* Requirement *
Extract the stretch of lines that starts at the line with "Funeral Programs / Begrafnisbriewe" and ends at the last line of the data below. Give it exactly, without pictures.

* Entries taken from a collection *
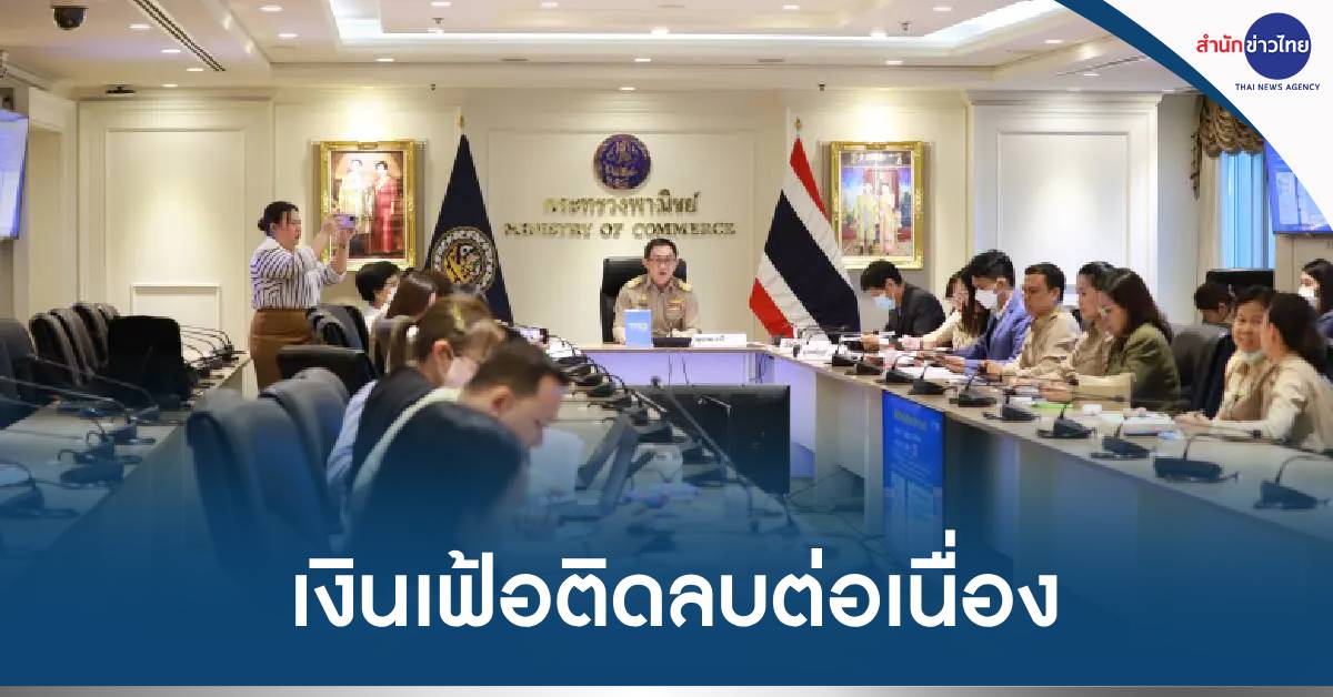 นายพูนพงษ์ นัยนาภากรณ์ ผู้อำนวยการสำนักงานนโยบายและยุทธศาสตร์การค้า เปิดเผยว่า ดัชนีราคาผู้บริโภคของไทย เดือนมกราคม 2567 เท่ากับ 106.98 เมื่อเทียบกับเดือนมกราคม 2566 ซึ่งเท่ากับ 108.18 ส่งผลให้อัตราเงินเฟ้อทั่วไปลดลงร้อยละ 1.11 ลดลงต่อเนื่องเป็นเดือนที่ 4 และต่ำสุดในรอบ 35 เดือน แม้โอกาสเงินเฟ้อจะยังคงติดลบต่อเนื่องมาจากแนวโน้นการลดค่าครองชีพของรัฐบาล และโอกาสในช่วงไตรมาสปีนี้ติดลบและเฉลี่ยแต่ละเดือนเงินเฟ้อจะมีทั้งบวกและลบ โดยแม้จะมองว่าจะเกิดปัญหาเงินฝืด แต่จะเป็นเงินฝืดทางเทคนิคมากกว่า ซึ่งจะเป็นไปตามการลดลงของราคาสินค้าในกลุ่มพลังงาน จากมาตรการลดค่าใช้จ่ายด้านพลังงานของภาครัฐ ประกอบกับราคาสินค้าในกลุ่มอาหารสดยังคงลดลงต่อเนื่องจากเดือนที่ผ่านมา โดยเฉพาะผักสดและเนื้อสัตว์ เนื่องจากปริมาณผลผลิตเข้าสู่ตลาดเพิ่มขึ้น รวมทั้งฐานราคาเดือนมกราคม 2566 ที่ใช้คำนวณเงินเฟ้อค่อนข้างสูง มีส่วนทำให้อัตราเงินเฟ้อลดลง สำหรับสินค้าและบริการอื่น ๆ ราคาเคลื่อนไหวในทิศทางปกติ
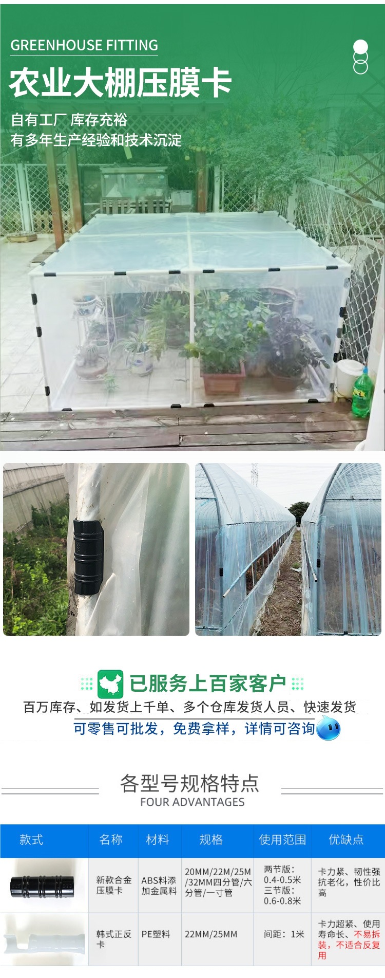 온실 액세서리 Daquan 프레스 필름 카드 고정 필름 카드 플라스틱 카드 필름 버클 야채 온실 필름 카드 스틸 파이프 버클스토어 가기
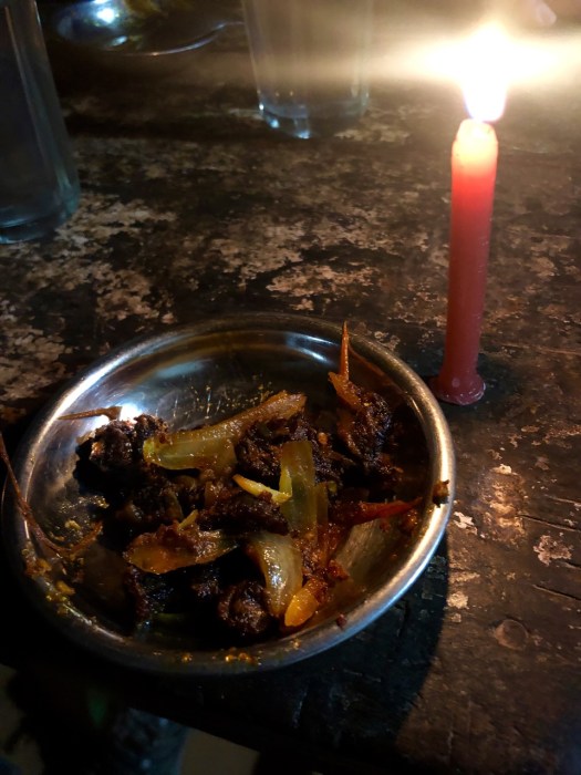 It was Dal Bhat for dinner, of course. The staple. But for an appetizer we were offered a special treat — dried, smoked, spicy goat meat from the high Himalaya. They call it sukuti.
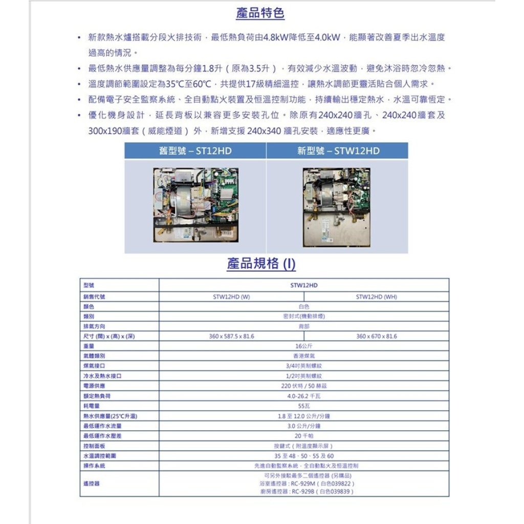 TGC STW12HD 12公升/分鐘 超薄型即熱式煤氣熱水爐是一款高效能、設計纖薄的家電產品。替換現有型號ST12HD.
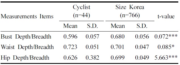 Table 3은 사이클 선수와 남자 고등학생의 인체 치수인 너비, 두께에 따른 가슴, 허리, 엉덩이 부위의 편평률을 구하였고, 두 집단의 차이를 t-test 한 결과를 제시하였다.
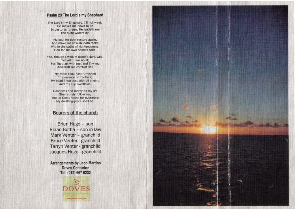 Funeral Programs / Begrafnisbriewe
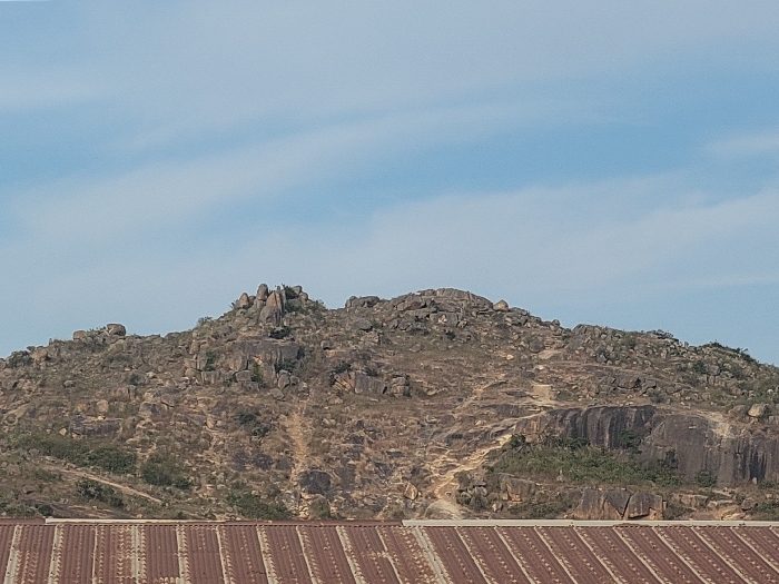 A rocky, barren hill dominates the scene beneath a blue sky with light clouds. The hill is covered in rocks and sparse vegetation, with a visible path winding towards the summit. A flat rock formation appears mid-hill. In the foreground, the top of a corrugated metal roof is visible, suggesting the viewpoint is from a building.

* Answer section *
 Funeral Programs / Begrafnisbriewe
 A rocky, barren hill dominates the scene beneath a blue sky with light clouds. The hill is covered in rocks and sparse vegetation, with a visible path winding towards the summit. A flat rock formation appears mid-hill. In the foreground, the top of a corrugated metal roof is visible, suggesting the viewpoint is from a building.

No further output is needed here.